Hacker News new | ask | show | jobs
by ascar 1878 days ago
I don't know about all the other RNGs in this benchmark, but MT prepares a dense/contiguous array of random numbers. The whole computation can be SIMDified (often even by the compiler), but extraction is (unless changed explicitly) a single copy of a double.

If RNG speed matters and you need a lot of random numbers in succession (and I assume these two assumptions correlate strongly) editing MT to directly pull 4 or even 8 random numbers at once (i.e. a `__m256 rand_m256()` interface) is a huge performance gain.

wyrand (the top spot of the linked benchmark), doesn't have this benefit. The computation can't be SIMDified and the extraction is always a single value.

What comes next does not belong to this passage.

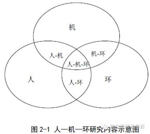 对人—机系统而言,在研究中应把人作为系统的主体,发挥人的主导作用,人的因素方面主要包括人体生理、心理、人体测量及生物力学、人的可靠性。在充分考虑人—机功能匹配、可靠性、维修性外,还要重视环境因素对人—机系统的影响。环境因素不仅对航空装备的设计、制造十分重要,而且对航空装备的使用和维修保障尤其具有实际意义。在维修过程中,维修人员的情绪、能动作用等受到客观环境的影响,在不同的客观环境中产生的波动和差异不同,而这种波动和差异又将直接关系到维修工作效率的高低和维修效果的好坏。因此,在航空维修过程中,不仅要研究如何运用客观事物,取得满意的维修效果,还要研究环境因素对维修效果的影响。从环境因素来说,可以通过研究维修工作场所的气候、照明、灰尘、有害气体等对维修效果的影响,从而创造一种适宜的工作环境,以减少疲劳、保证健康、提高效率。人—机—环研究内容如图2-1所示[3]。
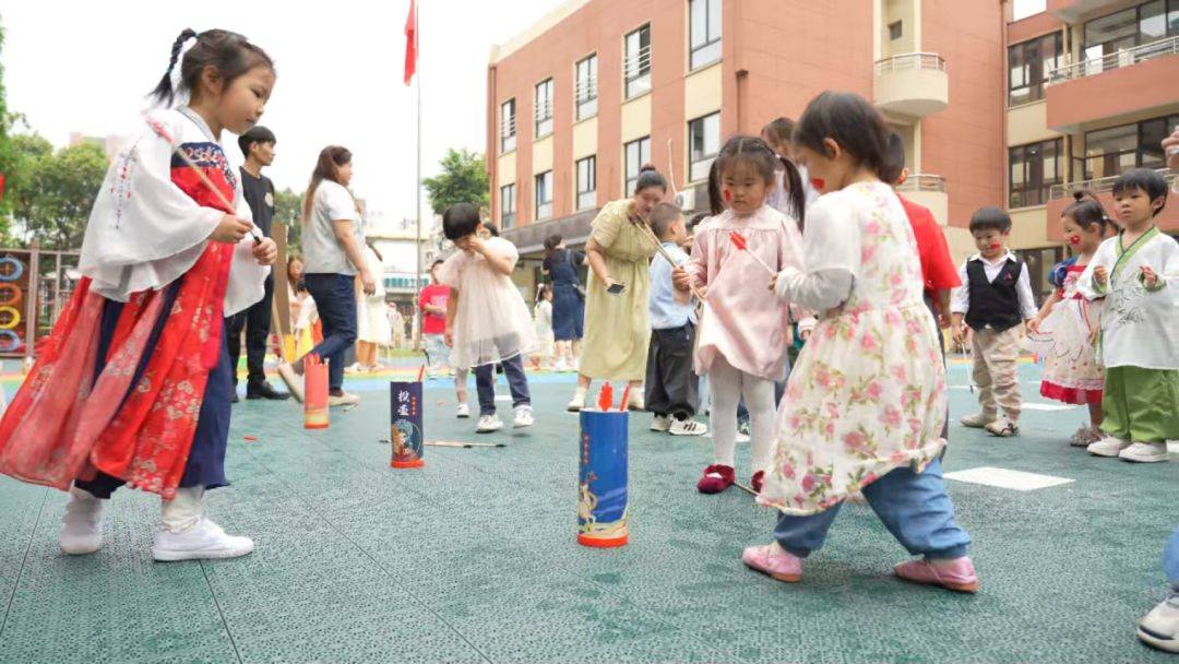 “玉兔吃月饼” 游戏中,孩子们拿着月饼形状的小球,在规定的白线后将“月饼”抛掷网中,脸上满是专注;“跳竹竿” 游戏充满童趣,孩子们跟着竹竿的节奏踏步,笑声此起彼伏;“投壶”游戏里,孩子们站在指定位置,将箭投入壶中,体验古人的娱乐方式,感受传统游戏的魅力。此外,“击鼓骑马”“摸秋” “童声颂祖国”等游戏也各具特色。孩子们在游戏中收获快乐,在互动中传承中华优秀传统文化。

So I would take these benchmark with a grain of salt and take a closer look at the specific situation for any application where RNG speed really matters.

1 comments

Wouldn't a SIMDified implementation of other RNGs speed them up by a comparable factor, making MT relatively slower again?
If the next number depends on the previous number (like with wyrand and many others) it can't be simdified.

You could simdify computation with different seeds tho, which might be fine for many purposes. However at that point it's also a custom implementation with a different number sequence than the non-simd version, which isn't the case with a SIMDified MT.

Also xoshiro generators are enough cheaper than MT that even if you couldn't simdify it, you could keep 4 and get run the 4 together in SIMD to get 4 outputs way cheaper than 1 SIMD MT.
It looks like xorshiro was SIMDified in a paper linked in abother post in this tree.